Screening virulence factors of porcine extraintestinal pathogenic Escherichia coli (an emerging pathotype) required for optimal growth in swine blood.

Porcine extraintestinal pathogenic Escherichia coli (ExPEC) is occurring with increasing frequency in China, which causes acute septicemia and sudden death in pigs leading to significant economic losses. Bacterial survival and even proliferation within host bloodstream are a common manifestation of a number of bacterial septicemias, including porcine ExPEC diseases. However, the underlying pathogenesis for this novel pathotype of ExPEC has not been explored deeply.

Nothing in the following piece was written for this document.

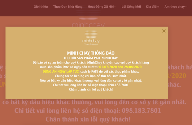 Ngay sau khi bị Bộ Y tế "tuýt còi", trên trang web của nhà hàng cũng đăng tải thông báo thu hồi sản phẩm Pate Minh Chay.
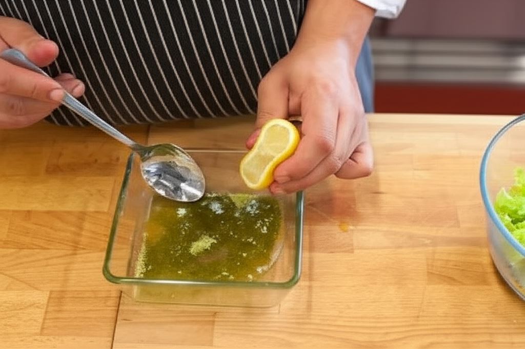 Sporządź pachnący, koperkowy sos z ziołami łącząc sos sałatkowy Knorr z oliwą, miodem oraz sokiem cytrynowym.

Here, we used a conjunction with transposon mutagenesis to identify the mechanisms of bacterial fitness involved in optimal growth of porcine ExPEC in swine serum ex vivo under static culture. Our work identified 28 genes involved in nucleotide biosynthesis, extracellular polysaccharide biosynthesis, regulators Fur and FNR, acid/zinc resistance, and Deley-Douderoff carbon metabolism that are required for the serum fitness. Subsequent functional analyses revealed that either interruption of de novo nucleotide biosynthesis or blocking of several extracellular polysaccharide biosynthesis including O2-antigen, Lipid A-core, and ECA significantly affect porcine ExPEC's growth in swine serum and proliferation in host bloodstream. Furthermore, the reasonable regulations of iron and anaerobic metabolisms in response to host stimuli by global regulators Fur and FNR also play key roles during systemic infection of porcine ExPEC. These findings provide compelling evidences that de novo nucleotide biosynthesis may enable porcine ExPEC to adapt to swine blood-specific nutrient availability, and the effective assembly of O-antigen, lipid A-core, and ECA is required to resist the bactericidal activity of swine serum. These studies contribute to better understand the underlying mechanisms employed by porcine ExPEC to survive, grow in the swine bloodstream, and cause disease. These related factors may serve as therapeutic targets for countering or preventing ExPEC serum resistance in the clinic.